The three key grounds of challenge are: (1) the SEISS calculation clause violates Article 14 (the right to protection from discrimination) read in conjunction with Article 1 of Protocol No.1 (the right to property) of the European Convention on Human Rights. In particular, SEISS indirectly discriminates against women who have taken maternity leave and, alternatively, discriminates against women who have taken maternity leave by failing to treat their situation differently to people who have not; (2) the SEISS calculation clause breaches section 19 of the Equality Act 2010 by indirectly discriminating against women who have taken maternity leave; and (3) the Chancellor has not complied with the public sector equality duty imposed by s.149 Equality Act 2010. In particular, the Chancellor has failed to give “due regard” to the impact that the SEISS eligibility conditions and calculation clause have on women.

 

Ends

 

Community is a trade union with a growing self-employed membership.
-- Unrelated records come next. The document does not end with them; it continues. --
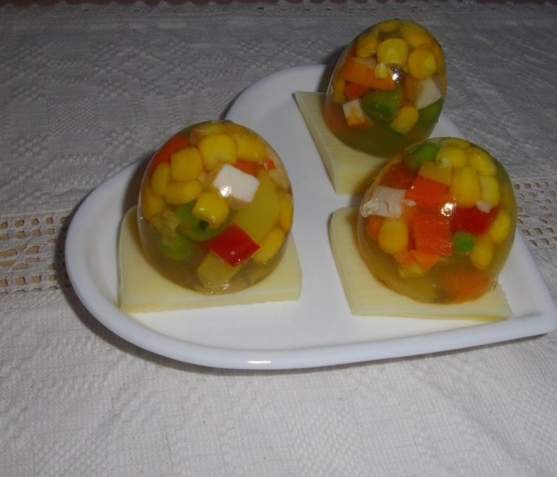 Umpli cojile de oua cu legume ,piept de pui si cascaval,cam 1/3 si completezi cu supa. Lasi ouale la rece cca 2 ore, dupa care le decojesti cu grija.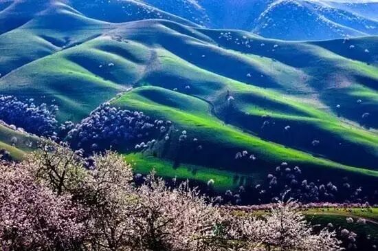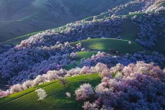 新疆新源县有一片中世纪遗留下来最大的原始野杏林,每年的4月10号到20号之间开花,花期一般在4-5天,早上日出时间8点,晚上落日20点30分左右。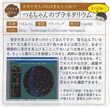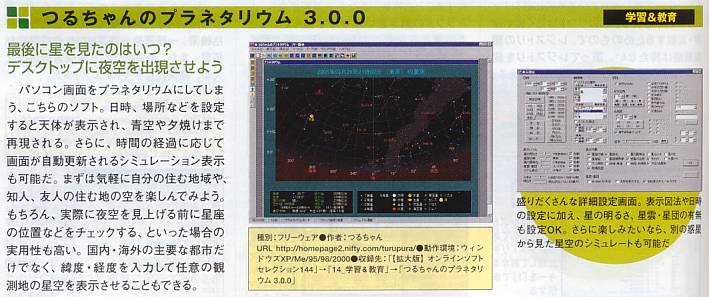 日時、場所などを指定すると天体が表示され、パソコン画面をプラネタリウムにしてしまうソフトとして、天文ソフトつるちゃんのプラネタリウムが比較的大きく紹介されのました。この他にも、つるちゃんの3D銀河宇宙が取り上げられました。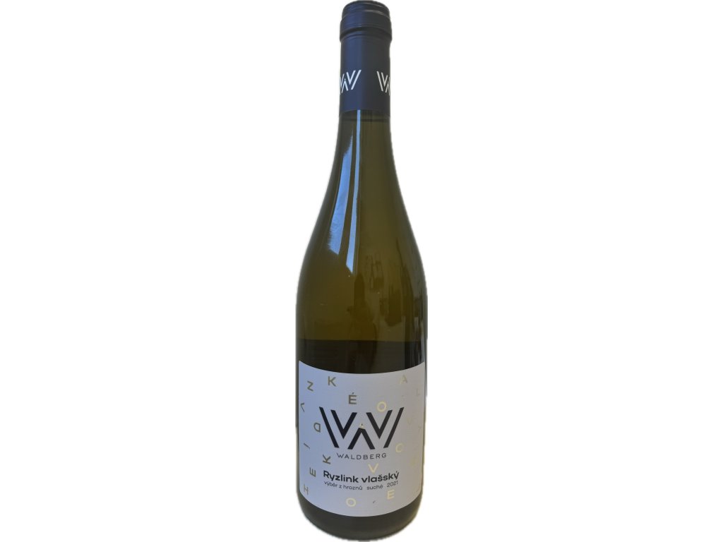 Ryzlink Vlašský - vinařství Waldberg. Suché bílé jakostní odrůdové víno s přívlastkem výběr z hroznů, ročník 2021. Víno zrálo v dubovém sudu.

Not a member? Join today.

 

For further information contact Melantha Chittenden: 07772146553

Pregnant Then Screwed is a charity (1188643) which protects, supports and promotes the rights of mothers who suffer the effects of systemic, cultural, and institutional discrimination through our various schemes and activities, including: A free legal advice service, a website where women post their stories of discrimination anonymously, campaigning for legislative change, and a mentor scheme that supports women who are considering legal action against their employer. The organisation is founded and managed by a group of women who have lived experience of pregnancy and maternity discrimination.

The organisation is being represented by Rosa Curling and Anna Dews of Leigh Day Solicitors along with Jude Bunting, Clare Duffy and Donnchadh Greene of Doughty Street Chambers.